Clarify Accountability: Accountability is essential since AI agents act as proxies that inherit privileges, necessitating clear human oversight. It is vital that organizations explicitly declare enterprise accountability for agentic behavior to elevate collective and individual responsibility.

To ensure accountability is established before deployment, roles for oversight must be clearly defined for the model developer, system deployer, and the user. The goal is that at least one human entity (individual, corporation, or other legal entity, not the AI system itself) is accountable for every uncompensated potential direct harm caused by an agentic AI system.

Effective governance relies on establishing ownership for agent decisions and actions. This means adopting a cross-functional governance framework and appointing an AI governance leader with the authority to pause noncompliant projects. To enable this form of oversight, systems should enable transparency and accountability through tools that track responsible individuals and legal signoffs. Furthermore, agent actions must be observable and auditable, supported by assigning unique identifiers for agents and humans to ensure traceability. This systematic approach supports holding actors accountable and is necessary for establishing future liability regimes.

Institute Human-in-the-Loop: Instituting effective Human-in-the-Loop (HITL) controls is paramount, as AI agents' ability to take direct actions may increase the potential stakes of failure or exploitation.

Organizations should adopt a risk-based approach to determine the necessary human oversight requirements. This means mandating HITL processes, especially when agents operate with greater autonomy or handle critical decisions. For actions deemed critical or irreversible, the system should require explicit human confirmation before the agent proceeds. These high-risk operations include, but are not limited to, deleting large amounts of data, authorizing significant financial transactions, or changing security settings.

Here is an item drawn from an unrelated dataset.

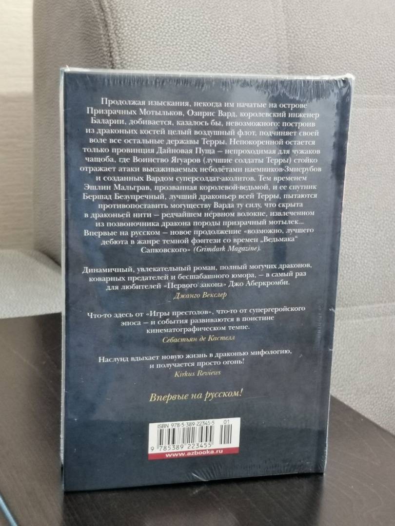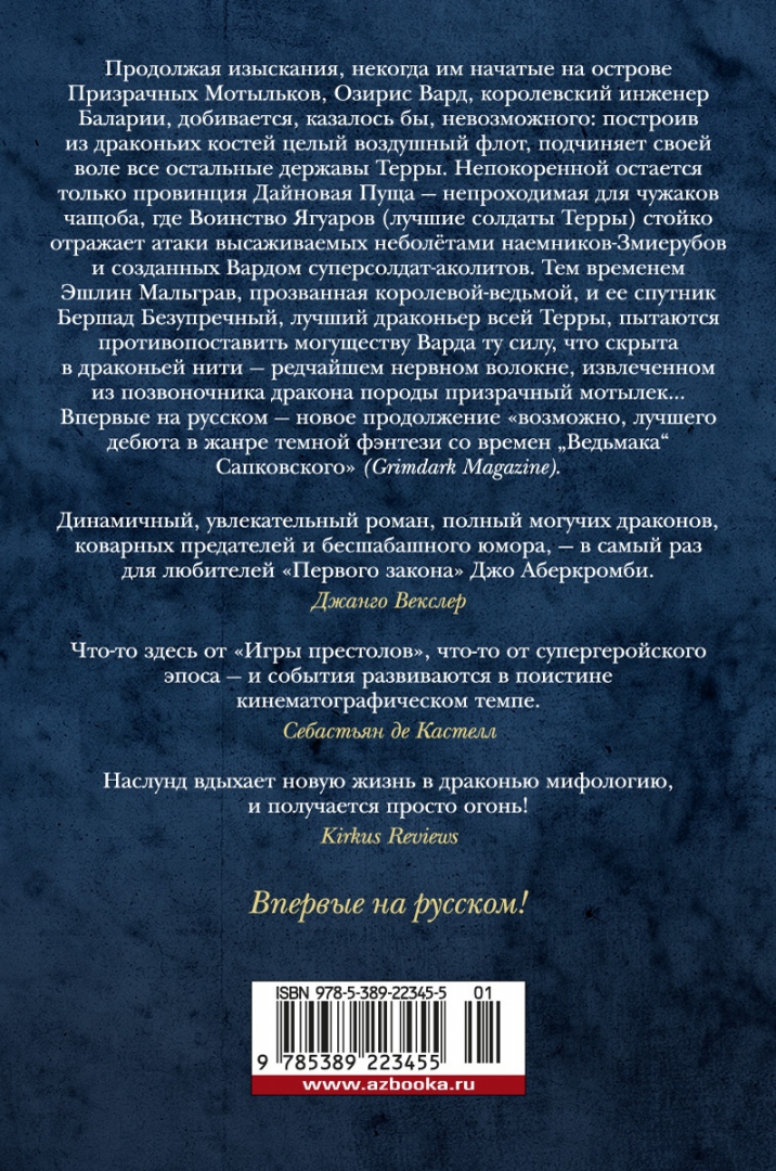 ОписаниеПродолжая изыскания, некогда им начатые на острове Призрачных Мотыльков, Озирис Вард, королевский инженер Баларии, добивается, казалось бы, невозможного: построив из драконьих костей целый воздушный флот, подчиняет своей воле все остальные державы Терры. Непокоренной остается только провинция Дайновая Пуща - непроходимая для чужаков чащоба, где Воинство Ягуаров (лучшие солдаты Терры) стойко отражает атаки высаживаемых неболётами наемников-Змиерубов и созданных Вардом суперсолдат-аколитов. Тем временем Эшлин Мальграв, прозванная королевой-ведьмой, и ее спутник Бершад Безупречный, лучший драконьер всей Терры, пытаются противопоставить могуществу Варда ту силу, что скрыта в драконьей нити - редчайшем нервном волокне, извлеченном из позвоночника дракона породы призрачный мотылек... Впервые на русском - новое продолжение "возможно, лучшего дебюта в жанре темной фэнтези со времен "Ведьмака" Сапковского" (Grimdark Magazine).Продолжая изыскания, некогда им начатые на острове Призрачных Мотыльков, Озирис Вард, королевский инженер Баларии, добивается, казалось бы, невозможного: построив из драконьих костей целый воздушный флот, подчиняет своей воле все остальные державы Терры. Непокоренной остается только провинция Дайновая Пуща - непроходимая для чужаков чащоба, где Воинство Ягуаров (лучшие солдаты Терры) стойко отражает атаки высаживаемых неболётами наемников-Змиерубов и созданных Вардом суперсолдат-аколитов. Тем временем Эшлин Мальграв, прозванная королевой-ведьмой, и ее спутник Бершад Безупречный, лучший драконьер всей Терры, пытаются противопоставить могуществу Варда ту силу, что скрыта в драконьей нити - редчайшем нервном волокне, извлеченном из позвоночника дракона породы призрачный мотылек... Впервые на русском - новое продолжение "возможно, лучшего дебюта в жанре темной фэнтези со времен "Ведьмака" Сапковского" (Grimdark Magazine).

System deployers should clearly define the stages in the workflow where human review and/or approval is required before execution. This acts as a safety net, helping to ensure human judgment can intervene if an agent's reasoning is unclear, high-stakes, or potentially problematic. Policy engines can be leveraged to deterministically enforce these rules, for example, by requiring user confirmation for purchases over a predefined threshold. Furthermore, agents should be designed to flag ambiguous situations and escalate these instances to human review when needed. Transparency into the agent’s reasoning helps the user properly contextualize the action they are approving. This governance requires continuous human evaluation and feedback to refine agent performance.

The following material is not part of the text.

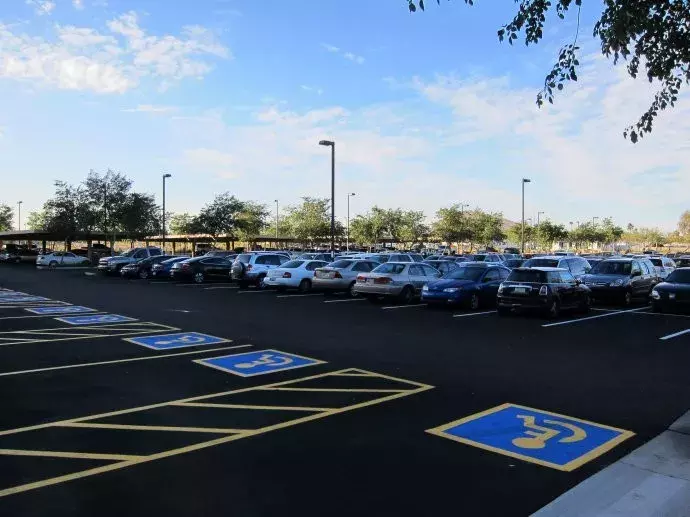 在美国,残疾人也可以开车,并且在公共场合拥有最大的便利。在酒店、学校等地的停车场,残疾人的车位都比一般人的要大很多,位于最方便停靠的地方,并且严格禁止其他人随便占用。

Plan for Lifecycle Management: AI Agent Lifecycle Management is crucial, as agents are dynamic and adaptive, constantly learning and autonomously adjusting to changing conditions. Because agent properties are not static, ongoing model development—including changes to internal structure or new affordances—can significantly impact their function. This requires governance to be a modular, adaptive, and continuous process that avoids becoming obsolete.

Adopt proven frameworks, such as Google's Secure AI Framework (SAIF), to ensure a consistent approach that addresses security, risk management, privacy, and compliance. Organizations should consider articulating and ranking AI use cases based on business priority and the degree of risk they pose, tailoring controls accordingly.

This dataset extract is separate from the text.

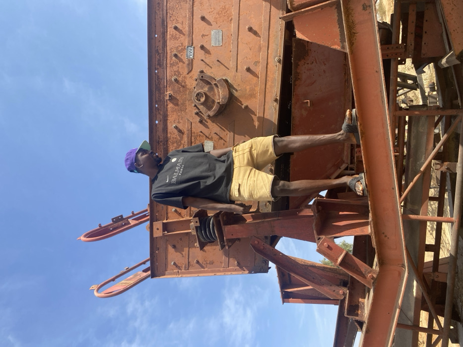 An individual is depicted standing on large, oxidized industrial machinery under a clear blue sky in Barakin Akawo, Nigeria

Lifecycle governance mandates continuous evaluation across the agent's entire cycle, providing ongoing training and updates as policies, regulations, or organizational objectives evolve. It is necessary to monitor for specific life cycle triggers (such as model retraining or dataset updates). The final phase requires a decommission stage, where agents no longer fit for purpose are safely retired to minimize residual risks.

Mandate comprehensive auditability: Mandating comprehensive auditability and visibility into agent actions is essential for building trust, enabling security auditing, and supporting incident response. This visibility is crucial because agents, operating with complex and autonomous reasoning, can otherwise be opaque.

Robust logging must capture critical information, including inputs received (user prompts), actions taken or attempted, tools invoked, and outputs generated. Ideally, logs should also capture intermediate reasoning steps—the agent's "thought process"—to allow humans to understand how conclusions were reached. Activity logging provides the necessary immutable audit trails of all actions and decisions for accountability. Specialized formats like Agent Actions Cards can track API calls and execution traces.

Effective Agent Observability requires investment in secure, centralized logging systems. The granularity of detail recorded should use a risk-based approach, balancing the activity's inherent risks with privacy considerations. These logs feed into automatic monitoring systems, which can use AI models to continuously review the primary agent’s behavior for reliability, performance, and security risks in dynamic environments. Finally, assigning unique identifiers to agents and humans ensures traceability and attribution for every action taken.

In conclusion, as AI agents become increasingly integral to enterprise operations, the need for robust governance is paramount. By embracing these foundational security principles, organizations can leverage Google Cloud’s Secure AI Framework (SAIF) and advanced security controls to navigate the evolving landscape.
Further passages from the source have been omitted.